Output each record below exactly. No images go in the copy.

### [Data shown]

=====

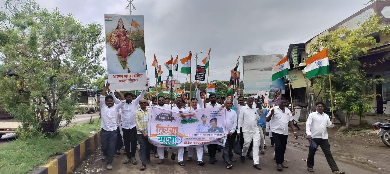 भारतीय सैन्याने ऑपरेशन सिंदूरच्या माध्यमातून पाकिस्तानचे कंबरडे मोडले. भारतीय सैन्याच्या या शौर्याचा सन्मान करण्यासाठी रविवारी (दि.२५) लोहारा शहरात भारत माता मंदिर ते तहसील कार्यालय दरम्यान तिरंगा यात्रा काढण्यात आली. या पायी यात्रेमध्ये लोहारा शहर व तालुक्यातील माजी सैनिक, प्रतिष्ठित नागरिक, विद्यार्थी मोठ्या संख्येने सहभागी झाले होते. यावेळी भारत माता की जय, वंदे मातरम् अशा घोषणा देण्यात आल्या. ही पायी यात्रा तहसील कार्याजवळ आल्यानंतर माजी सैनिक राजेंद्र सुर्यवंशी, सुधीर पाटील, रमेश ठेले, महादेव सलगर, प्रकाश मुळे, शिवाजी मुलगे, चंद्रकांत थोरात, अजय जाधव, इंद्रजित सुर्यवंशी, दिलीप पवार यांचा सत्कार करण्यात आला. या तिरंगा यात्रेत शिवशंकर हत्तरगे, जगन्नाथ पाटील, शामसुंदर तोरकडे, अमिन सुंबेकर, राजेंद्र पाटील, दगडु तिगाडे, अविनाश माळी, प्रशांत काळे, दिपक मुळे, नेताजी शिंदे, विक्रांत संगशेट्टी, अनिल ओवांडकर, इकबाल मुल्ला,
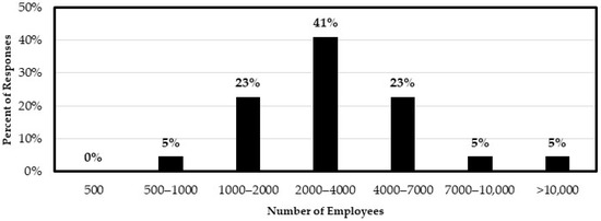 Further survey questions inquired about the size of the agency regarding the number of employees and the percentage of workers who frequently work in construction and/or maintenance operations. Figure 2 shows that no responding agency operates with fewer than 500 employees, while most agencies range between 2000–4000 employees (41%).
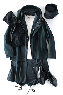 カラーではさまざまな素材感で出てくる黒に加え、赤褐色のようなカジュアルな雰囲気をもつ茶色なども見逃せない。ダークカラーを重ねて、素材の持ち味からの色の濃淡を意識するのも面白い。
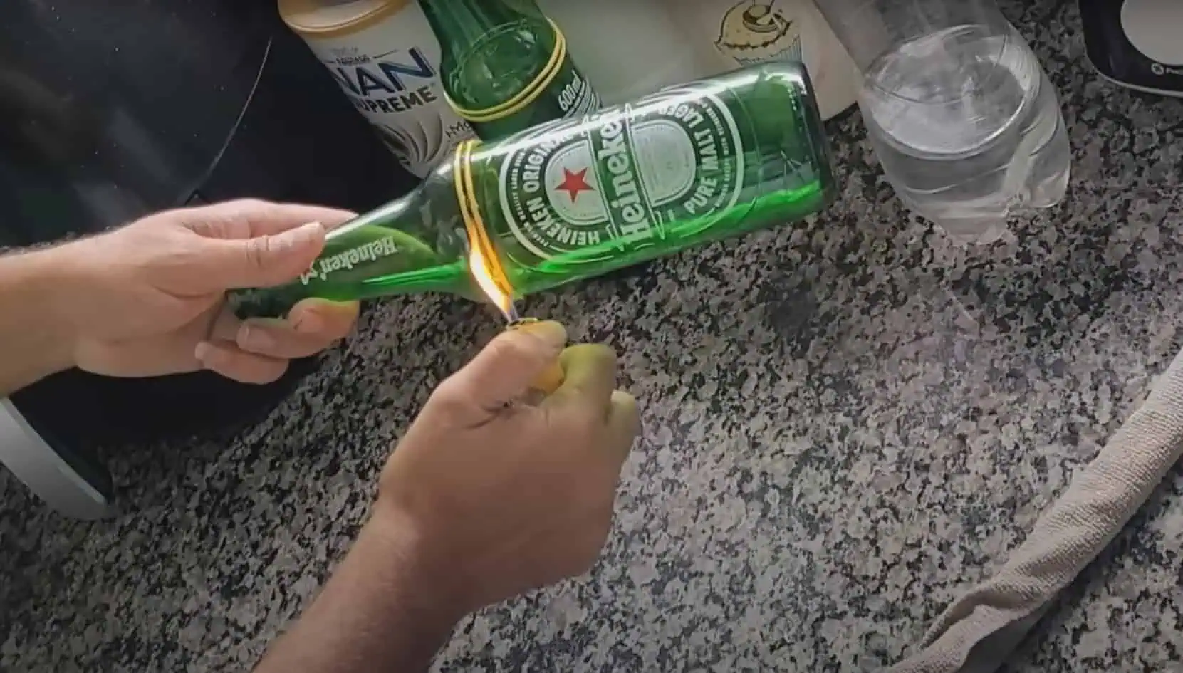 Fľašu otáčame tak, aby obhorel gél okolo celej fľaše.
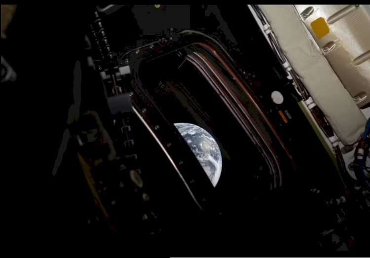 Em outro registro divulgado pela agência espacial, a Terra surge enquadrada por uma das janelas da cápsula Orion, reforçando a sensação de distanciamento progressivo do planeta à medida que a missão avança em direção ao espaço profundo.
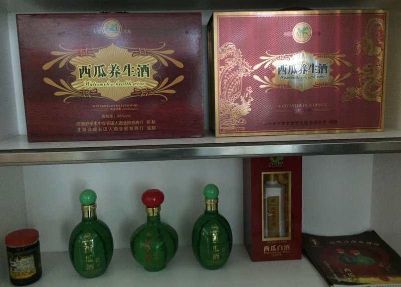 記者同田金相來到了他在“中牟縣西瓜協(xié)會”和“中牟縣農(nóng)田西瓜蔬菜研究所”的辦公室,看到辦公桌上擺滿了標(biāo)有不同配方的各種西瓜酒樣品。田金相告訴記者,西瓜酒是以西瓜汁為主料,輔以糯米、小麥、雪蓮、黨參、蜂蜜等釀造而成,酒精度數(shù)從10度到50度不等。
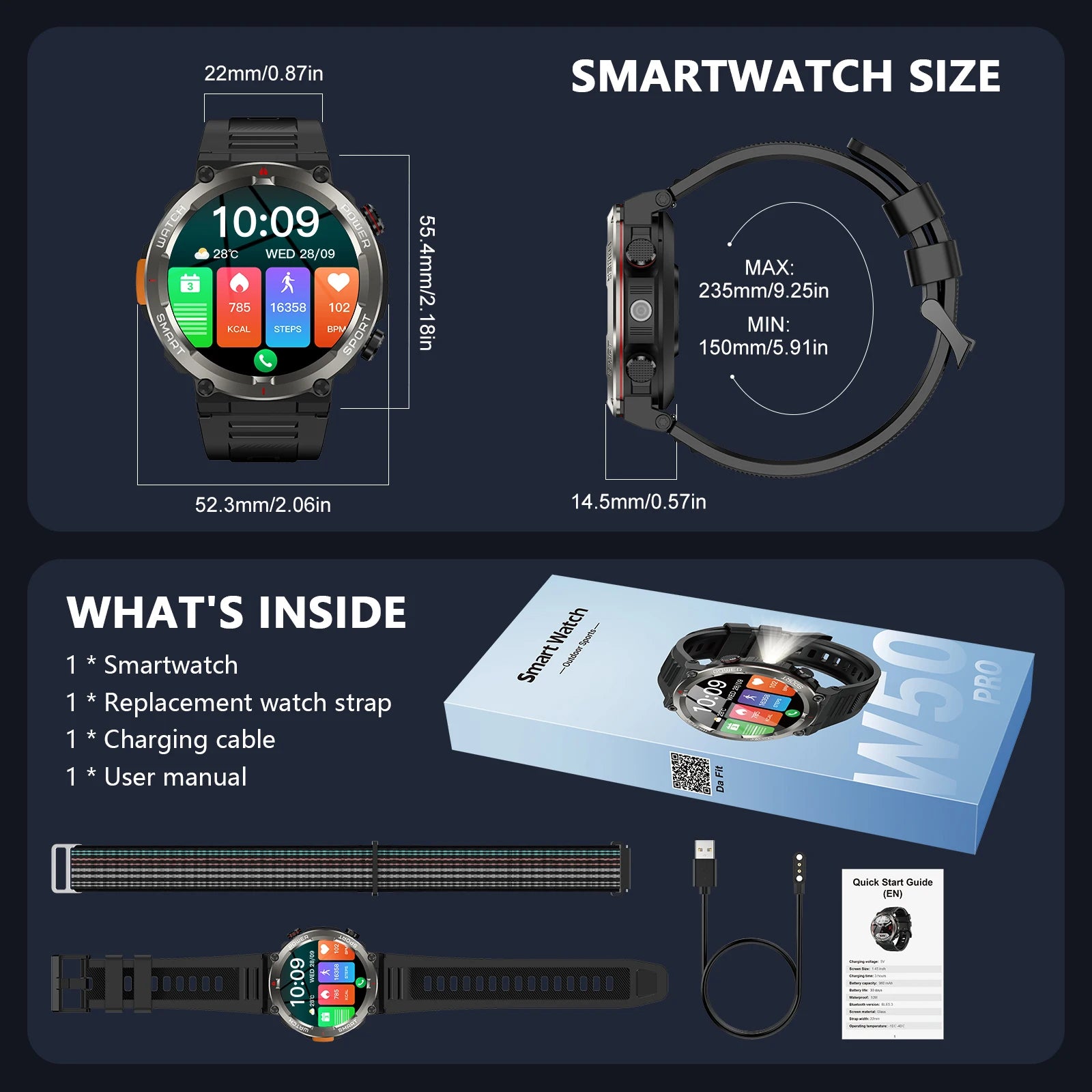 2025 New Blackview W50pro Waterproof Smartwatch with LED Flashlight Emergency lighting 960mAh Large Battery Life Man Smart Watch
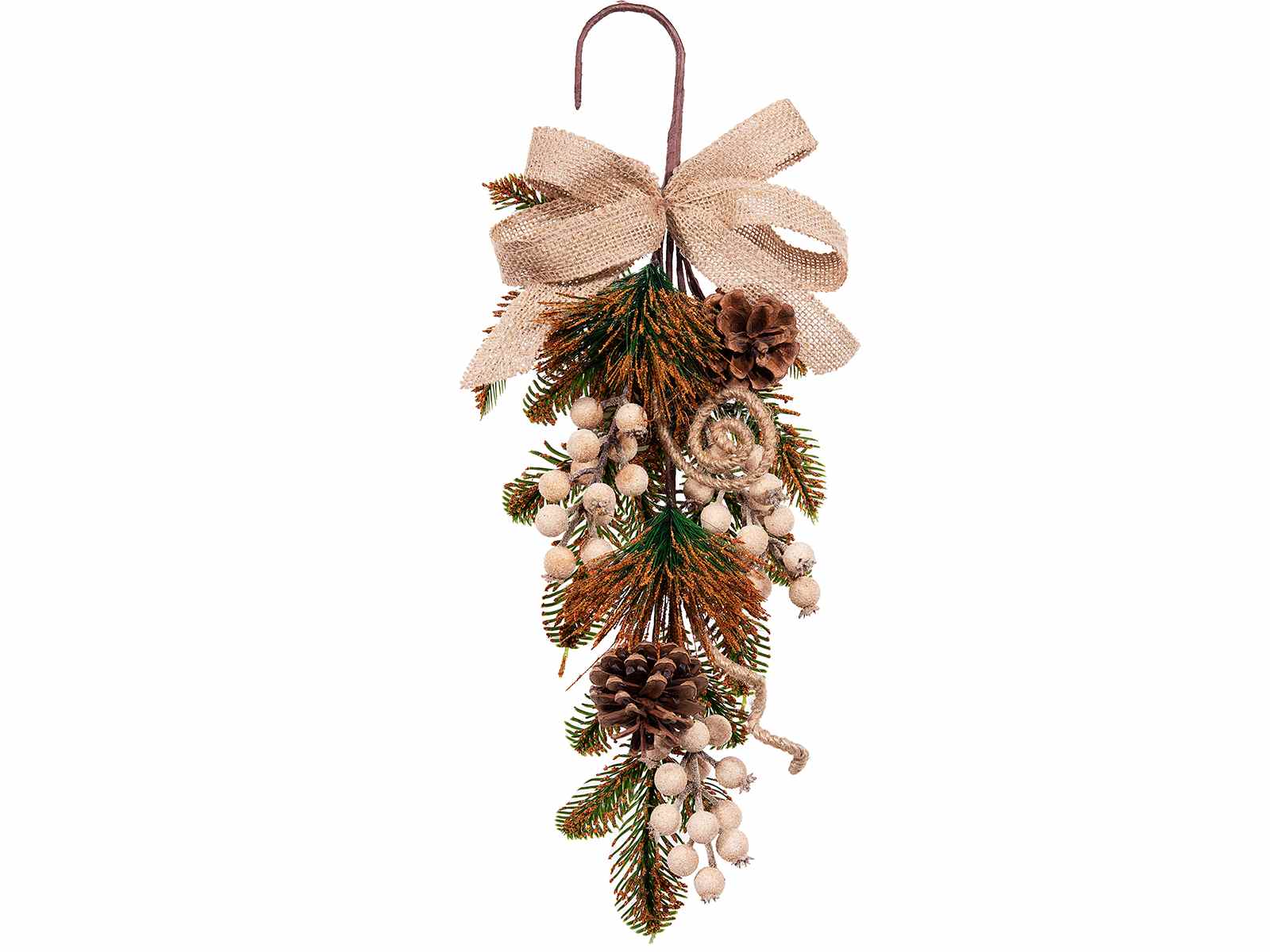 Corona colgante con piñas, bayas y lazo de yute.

=====

### [Expected answer]
 भारतीय सैन्याने ऑपरेशन सिंदूरच्या माध्यमातून पाकिस्तानचे कंबरडे मोडले. भारतीय सैन्याच्या या शौर्याचा सन्मान करण्यासाठी रविवारी (दि.२५) लोहारा शहरात भारत माता मंदिर ते तहसील कार्यालय दरम्यान तिरंगा यात्रा काढण्यात आली. या पायी यात्रेमध्ये लोहारा शहर व तालुक्यातील माजी सैनिक, प्रतिष्ठित नागरिक, विद्यार्थी मोठ्या संख्येने सहभागी झाले होते. यावेळी भारत माता की जय, वंदे मातरम् अशा घोषणा देण्यात आल्या. ही पायी यात्रा तहसील कार्याजवळ आल्यानंतर माजी सैनिक राजेंद्र सुर्यवंशी, सुधीर पाटील, रमेश ठेले, महादेव सलगर, प्रकाश मुळे, शिवाजी मुलगे, चंद्रकांत थोरात, अजय जाधव, इंद्रजित सुर्यवंशी, दिलीप पवार यांचा सत्कार करण्यात आला. या तिरंगा यात्रेत शिवशंकर हत्तरगे, जगन्नाथ पाटील, शामसुंदर तोरकडे, अमिन सुंबेकर, राजेंद्र पाटील, दगडु तिगाडे, अविनाश माळी, प्रशांत काळे, दिपक मुळे, नेताजी शिंदे, विक्रांत संगशेट्टी, अनिल ओवांडकर, इकबाल मुल्ला,
 Further survey questions inquired about the size of the agency regarding the number of employees and the percentage of workers who frequently work in construction and/or maintenance operations. Figure 2 shows that no responding agency operates with fewer than 500 employees, while most agencies range between 2000–4000 employees (41%).
 カラーではさまざまな素材感で出てくる黒に加え、赤褐色のようなカジュアルな雰囲気をもつ茶色なども見逃せない。ダークカラーを重ねて、素材の持ち味からの色の濃淡を意識するのも面白い。
 Fľašu otáčame tak, aby obhorel gél okolo celej fľaše.
 Em outro registro divulgado pela agência espacial, a Terra surge enquadrada por uma das janelas da cápsula Orion, reforçando a sensação de distanciamento progressivo do planeta à medida que a missão avança em direção ao espaço profundo.
 記者同田金相來到了他在“中牟縣西瓜協(xié)會”和“中牟縣農(nóng)田西瓜蔬菜研究所”的辦公室,看到辦公桌上擺滿了標(biāo)有不同配方的各種西瓜酒樣品。田金相告訴記者,西瓜酒是以西瓜汁為主料,輔以糯米、小麥、雪蓮、黨參、蜂蜜等釀造而成,酒精度數(shù)從10度到50度不等。
 2025 New Blackview W50pro Waterproof Smartwatch with LED Flashlight Emergency lighting 960mAh Large Battery Life Man Smart Watch
 Corona colgante con piñas, bayas y lazo de yute.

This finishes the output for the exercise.